Barceló lo quería a Ruggierito, es verdad. Le daba consejos, es
verdad. Lo trataba por momentos como un hijo. Es verdad. Pero
eso fue lo que lo decidió a Barceló. Darse cuenta de lo quería.
Barceló se dio cuenta de que era mejor no querer a nadie si de
verdad quería el poder. Y entonces fue que decidió.
Ruggierito caminaba hacia las balas haciéndose querer.
Caminaba hacia las balas de Habiague, de Barceló y de tantos
otros que no lo querían porque los demás lo querían.
Caminaba hacia las balas enamorando a tantos, enamorando a la
muerte.
Años más tarde, Habiague fue llamado por Perón. Por Perón, sí.
Supo hacerse el comisario fama de hombre fiel y de lealtad a toda
prueba.
Pero esa fue otra historia de nuevos aprietes y picanas.

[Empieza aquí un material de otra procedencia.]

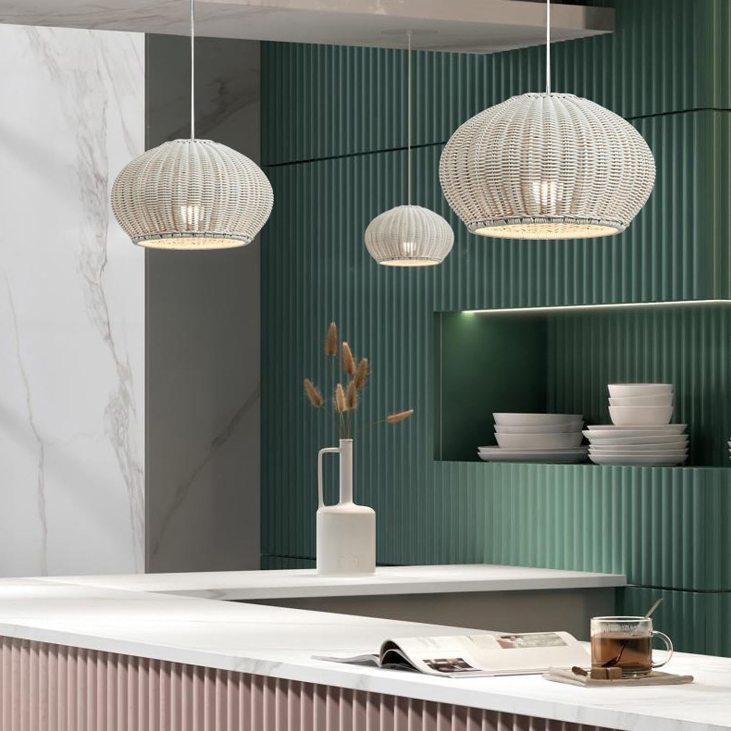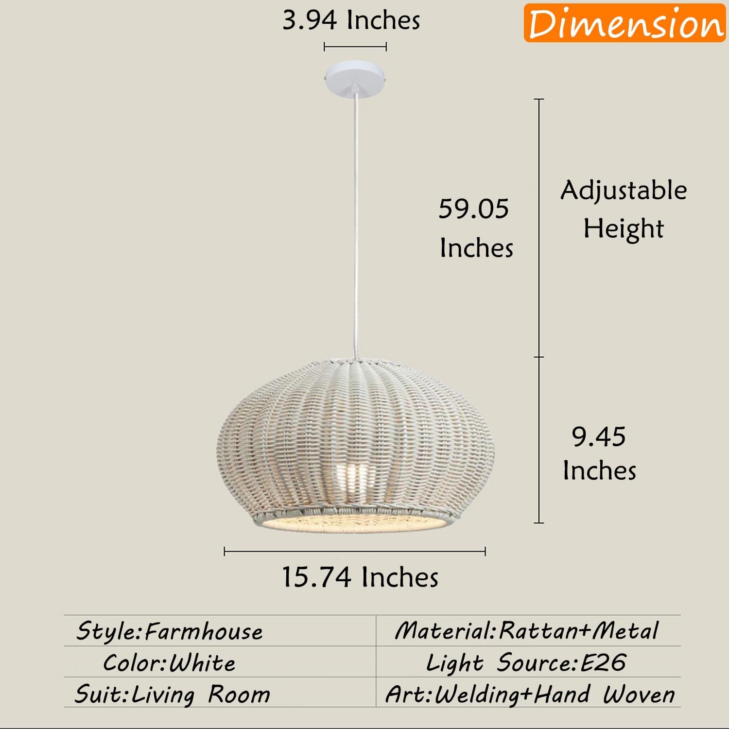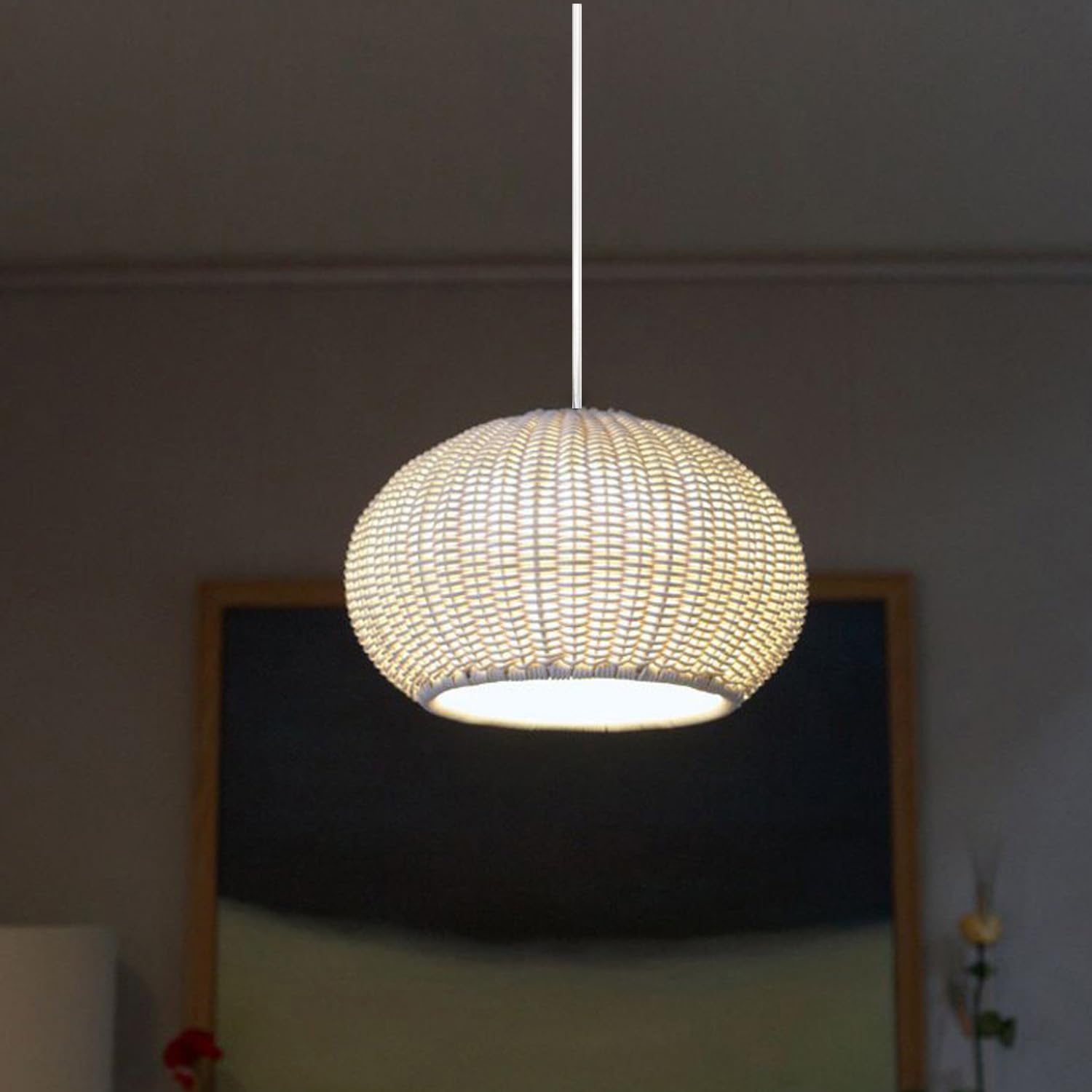 Weave Rattan Pendant Light Design:Handwoven white rattan forms a rounded, textured silhouette, infusing rustic-vintage charm into any space. Seamlessly complements modern, bohemian, or farmhouse styles, becoming an instant visual focal point
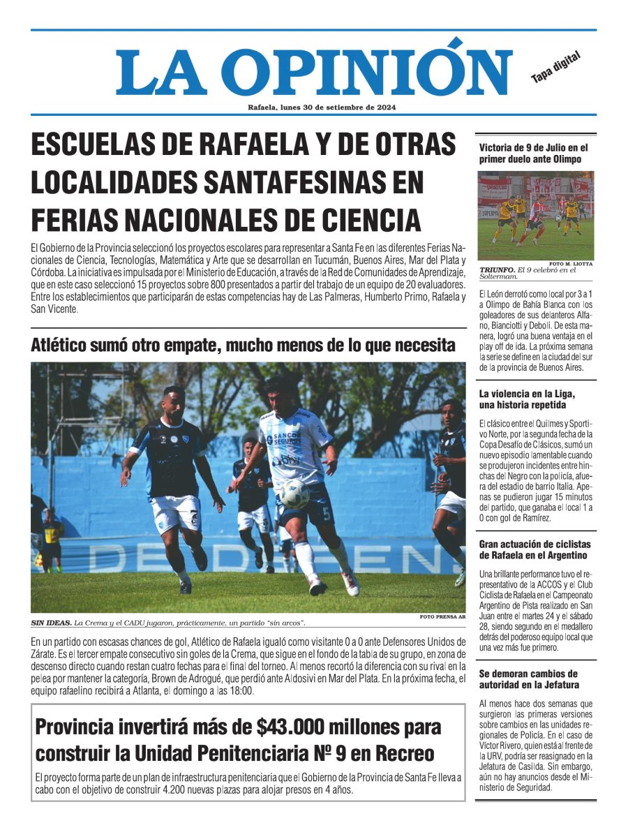 Edición del Lunes 30 de Septiembre de 2024 - N° Tapa 30

Habiague tenía para Barceló muchas ventajas respecto de
Ruggierito: no lo conocía nadie, nadie la amaba, mas bien los
pocos que tenían trato con él lo odiaban como a una rata, y no
quería morirse envuelto con a bandera argentina y la gloria puesta
en el jonca, no había nacido en la Isla Maciel, como Ruggierito ni
había sido hijo de tano y por lo tanto canchero para la engañifa y
la seducción, no le gustaban los burros, no había sido amigo de
Gardel, a las mujeres le repugnaba, y se deleitaba no dándole nada
a nadie, a excepción de picana, gracias al hijo de Lugones que la
inventó.
Y por eso, Barceló lo eligió.
Porque Ruggierito, el elegido, ya era una amenaza.